Delving the Psyche of Sadists

I don’t get aroused from inflicting pain on those who don’t welcome it or agree to the need for discipline.

My point was that in my opinion a real sadist doesn’t care whether it’s welcomed or not, their arousal comes from hurting another, irrespective of whether it’s consensual.

not being someone who gets pleasure from hurting unwilling “victims”

No, just a smart-arse I’m afraid 🙄

Just for clarity: Are you unwilling/uable to grasp the concept that someone who does enjoy pain or despair in a partner, can still be able and invested in finding consenting partners or are you just out to troll/ kink shame?

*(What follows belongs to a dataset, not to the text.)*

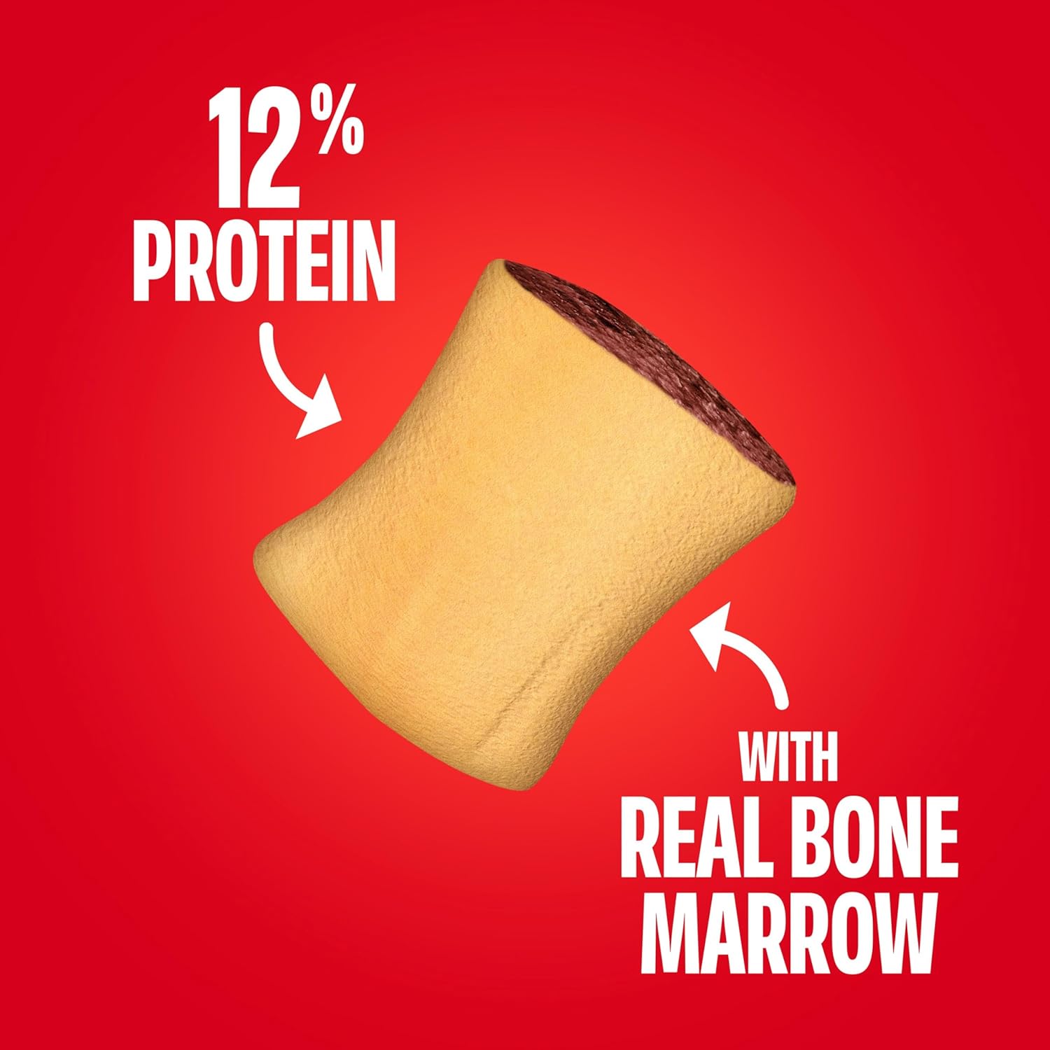 CRUNCHY OUTSIDE, MEATY INSIDE: A dog biscuit with a satisfying combo of texture and mouthwatering flavor
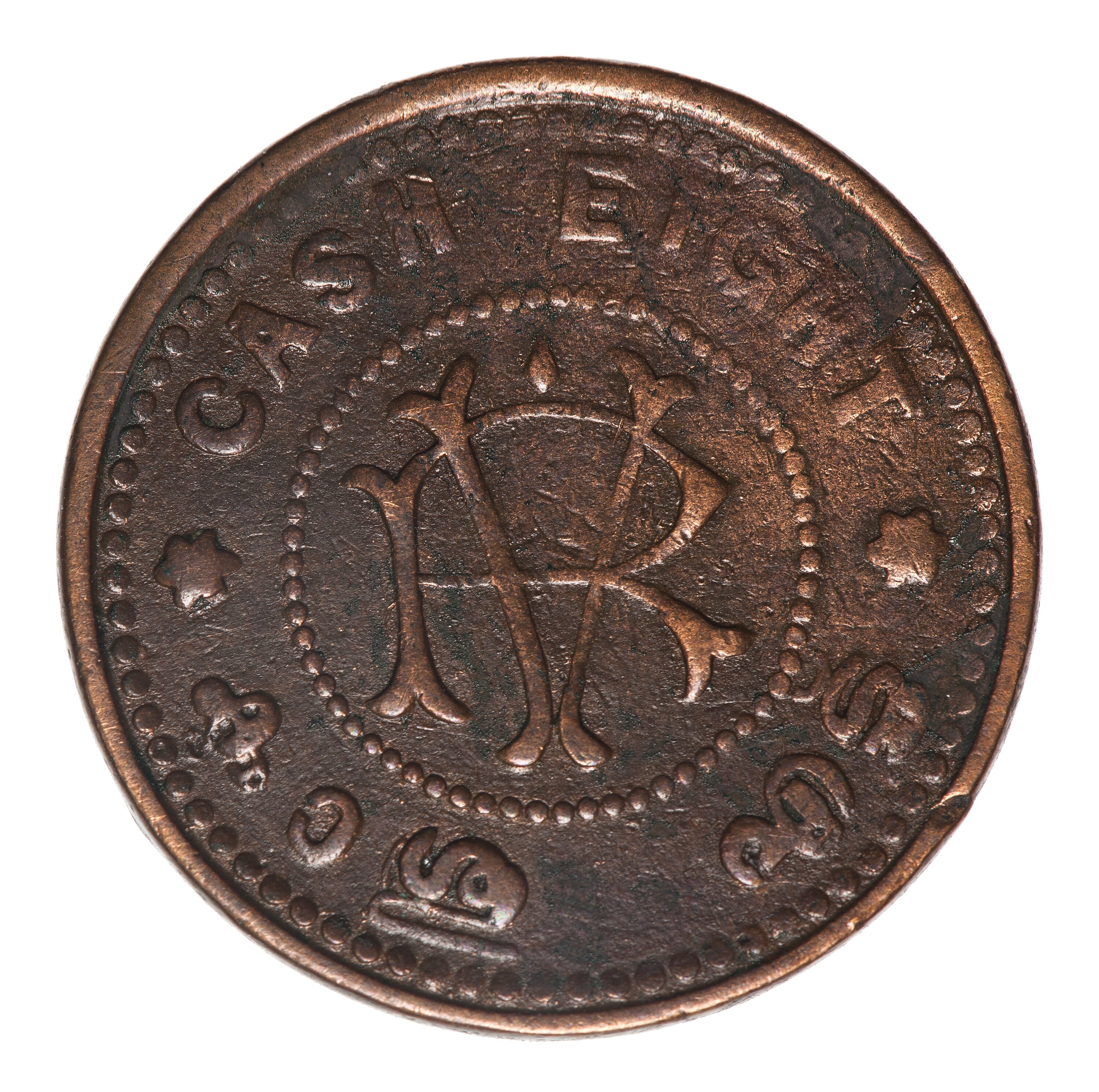 At centre within a circle of beads, the monogram RV (Rama Varma); around above, CASH EIGHT; around below, legend

This is a thread that has been useful to a lot of people and I hope it can stay that way.
 
I enjoy sex. I find it arousing. But know what I don’t enjoy and find arousing? Sex with someone who doesn’t want to have sex with me. Am I not a “real” sex-haver?
Yup.

I think it’s also worth mentioning that people can be aroused by sex or causing pain/distress to others regardless if the others consent to it or not, and still only do those things with people who do consent.

Just because the *thought* of punching someone’s lights out out of the blue or raping someone for real really turns them on, it still doesn’t mean they do it with partners who don’t consent or that doing it with people who do consent is not fun or sexy to them.
 
No, just a smart-arse I’m afraid 🙄
Guilty! My arse is brainier than the rest of me, for sure. But I’m not trying to be a dick here (I mean, I don’t really need to try). I think this is a conversation worth having.

First of all, labels are free and you can call yourself a can of Red Bull and more power to you. I will say that use of the word “real” with regard to BDSM can raise hackles, because you’re drawing a boundary that invalidates someone’s sexual experience. (See “true dom.”)

As for me, I don’t think that sadism and consent are mutually exclusive (as has been stated by seela, Iris, Bramble and others.) I’ll explain why, from my own experience.

I’m an empathetic person and I also have a wide sadistic streak. They’re both there. Sweet and sour. Daddy and Dom. The empathy serves as a check on the sadism. Trying to enjoy sadism when the other person doesn’t want to be hurt is like driving with the brake on. When the pyl consents, it removes that brake.

I don’t gain pleasure from it (usually) because the degradee likes what I’m doing (“service sadist”) — I gain pleasure from it because when I know they consent, I can completely let go and revel in the pain and degradation I’m inflicting. Consent removes the brake and tells my strong empathetic voice that it’s OK to go take a nap while my sadist plays Old Testament God.